Предслава Святославна (в крещ. Евфросиния) (1100/04-1173) ‑ княгиня Полоцкая, вторая дочь князя Полоцкого Святослава Всеславича и княгини Софии Владимировны. Отличалась любовью к наукам, переводила античных и византийских авторов, основала в Полоцке женский монастырь и церковь Пресвятой Богородицы, открыв при ней мужскую обитель. В 1169 г. совершила путешествие по святым местам в Палестину. Канонизирована РПЦ.
Домид (конец XIII – нач. XIV) – псковский священник. Книгописец монастыря св. Пантелеймона. Переписчик Апостола-апракоса.
Кирилл (?-1230) – епископ Ростовский. Упоминается в Лаврентьевской летописи под 1216 г. Исследователи отмечают активное книгописание того времени. Предположительно, он сформировал значительную библиотеку, организовал перевод полной редакции Жития Нифонта Констанцского.
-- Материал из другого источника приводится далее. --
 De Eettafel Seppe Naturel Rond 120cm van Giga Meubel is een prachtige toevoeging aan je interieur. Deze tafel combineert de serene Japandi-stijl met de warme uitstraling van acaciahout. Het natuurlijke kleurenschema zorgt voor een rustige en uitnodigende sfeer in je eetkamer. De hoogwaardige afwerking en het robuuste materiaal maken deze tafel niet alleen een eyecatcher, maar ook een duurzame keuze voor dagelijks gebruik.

Максим (?-1305) – святитель, митрополит Киево-Владимирский и всея Руси (1283-1305). Перенёс митрополичью кафедру из Киева во Владимир. Автор «Правил о постах и хранении брака», где настаивал на обязательности церковного брака. Кроме Великого поста становил Апостольский, Успенский и Рождественский. Погребён в Успенском Владимирском соборе. Над местом погребения установлена позолоченная сень с надписью. На стене установлена Максимовская икона Божией матери, написанная в 1299 году по видению митрополиту Максиму. Канонизирован РПЦ. Память 6/19 декабря, 23 июня/6 июля.
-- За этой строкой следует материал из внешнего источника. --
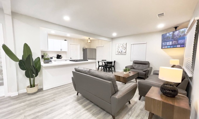 Our 3BR home is completely remodeled in 2022. It offers a fully stocked kitchen with brand new top of the line appliances, luxurious modern Ashley leather sofa set, AC, laundry room, 55" Samsung smart TV with spectrum TV services, fast mesh network WiFi (~450Mbps), comfortable memory foam queen bed, bamboo pillows, etc. The house will be professionally cleaned before each stay with clean linens, toiletries, and everything else you'll need for a comfortable stay.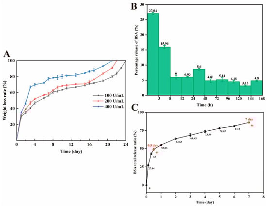 (A) The degradation curve of the HPCT hydrogel in different concentrations of lysozyme. (B) Percentage of BSA released in stages from the HPCT hydrogels (weight of BSA released per stage/total weight of BSA). (C) Total release rate for BSA from the HPCT hydrogel.

Антоний Дымский (?-1224) ‑ преподобный, основатель монастыря на берегу Дымского озера близ Тихвина. По кончине тело преподобного Антония было погребено в устроенном им храме, с левой стороны. В 1330 году святые мощи преподобного Антония были обретены нетленными. В 1744 году над местом сокрытия святых мощей петербургским купцом Калитиным, исцеленным преподобным Антонием от продолжительной тяжелой болезни, была устроена деревянная золоченая гробница. В монастыре сохранялась тяжелая железная шапка, которую носил преподобный Антоний. Широкие поля шляпы прибиты к тулье толстыми гвоздями, которые давили подвижнику голову. Многие больные получали исцеления от возложения на голову этой шапки и от поклонения гробнице над святыми мощами преподобного Антония Дымского. Канонизирован РПЦ. Память 24 июня/7 июля.
Владимир Василькович (?-1288) – князь Волынский. В Ипатьевской летописи упоминается как широко образованный человек и книголюб. При нём велась Галицко-Волынская летопись.
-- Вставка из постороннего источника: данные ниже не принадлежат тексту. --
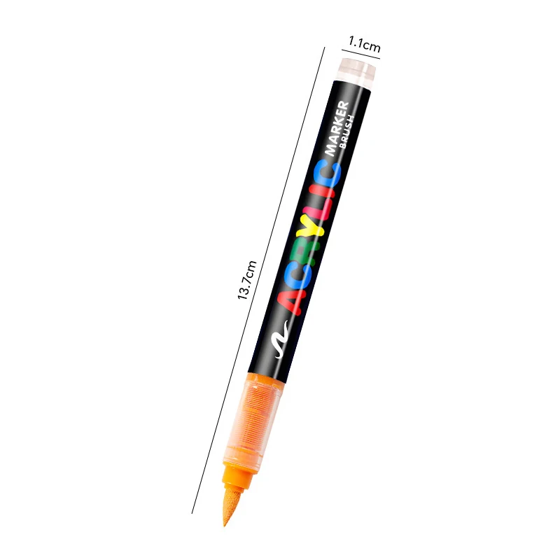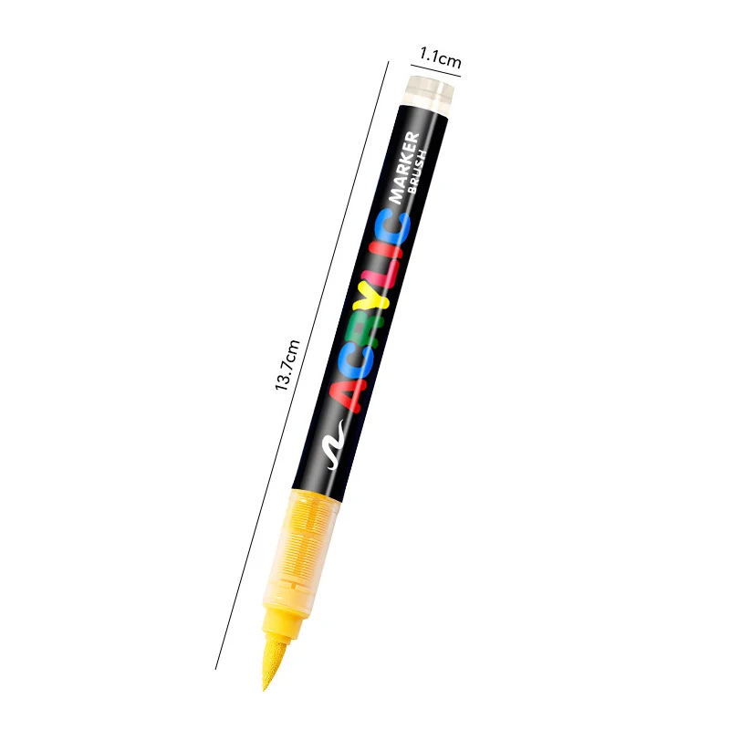 Experience the joy of creating with this high-quality acrylic marker pen. Featuring a sleek, transparent plastic body, it beautifully displays the vivid yellow ink inside. The bold, rainbow-colored “ACRYLIC” text adds an artistic touch, making it as inspiring to look at as it is to use. The soft, pointed brush tip allows for precise, smooth application, perfect for detailed work or broad strokes. Whether you're painting on stone, ceramic, glass, wood, canvas, or paper, this marker offers exceptional versatility. Its compact, portable design ensures you'll always have your favorite colors handy for spontaneous, creative moments. Elevate your artwork with this vibrant, durable marker pen and let your imagination run wild.

Даниил Александрович (1261-1303) – великий князь Московский, сын Александра Ярославича Невского. Основатель в Москве Данилова (1282), Богоявленского (1296) монастырей и архиерейского дома на Крутицах и храма во имя св. Петра и Павла. Канонизирован РПЦ. Память 4/17 марта и 30 августа/12 сентября.
Иван Данилович I Калита (ок. 1296-1340) – великий князь Московский (1328-1340). При нём возведены в Москве дубовый кремль, белокаменные Успенский и Архангельские соборы. Перевёл резиденцию митрополита из Владимира в Москву. Погребён в Архангельском соборе Кремля.
Сергий Радонежский (в миру Варфоломей) (ок. 1321-1391) – основатель и игумен Троице-Сергиева монастыря (ныне лавра). Ввёл общежитийный устав в русских монастырях. Поддерживал Дмитрия Донского, призывал к единению Руси. Канонизирован РПЦ. Память 25 сентября/8 октября, 5/18 июля, 23 мая/5 июня, 6/19 июля.
Василий I Дмитриевич (1371-1425) – великий князь Московский (1389-1425). В его правление утвердился обычай именоваться по родам вместо прозвищ. Древние славянские имена стали выходить из обихода. Летоисчисление началось с сентября месяца, а не с марта, как было традиционно на Руси. Русскую культуру прославили иконописцы Семён Чёрный, старец Прохор и Андрей Рублёв.
Ферапонт Белозерский (?-1426) – преподобный. Основатель монастыря в 12 верстах от Кириллова монастыря. Обитель Ферапонта была посвящена Рождеству Пресвятой Богородицы. Канонизирован РПЦ. Память 27 мая/9 июня, 27 декабря/9 января. Храм расписан иконописцем Дионисием. Его фрески в оригинале сохранились до наших дней. В советское время в монастыре располагался музей (как филиал Кирилло-Белозерского историко-архитектурного и художественного музея-заповедника).
Кирилл Белозерский (1337-1427) – религиозный деятель, основатель Кирилло-Белозерского монастыря. Автор посланий, поучений и богословских сочинений. Канонизирован РПЦ. Память 9/22 июня, 6/19 июля. На месте монастыря в Белозерске ныне Кирилло-Белозерский историко-архитектурный и художественный музей-заповедник.
Зосима Соловецкий (?-1478) – основатель обители на Соловецких островах (называлась Спасо-Никольской и жила по правилам общежитейского устава). Зосиму рукоположили в священный сан и назначили игуменом в 1452 г. Погребён в приготовленной им самим могиле. Мощи святого были перенесены в придел храма, посвящённый во имя преподобных Зосимы и Савватия. Канонизирован РПЦ. Память 17/30 апреля и 8/21 августа.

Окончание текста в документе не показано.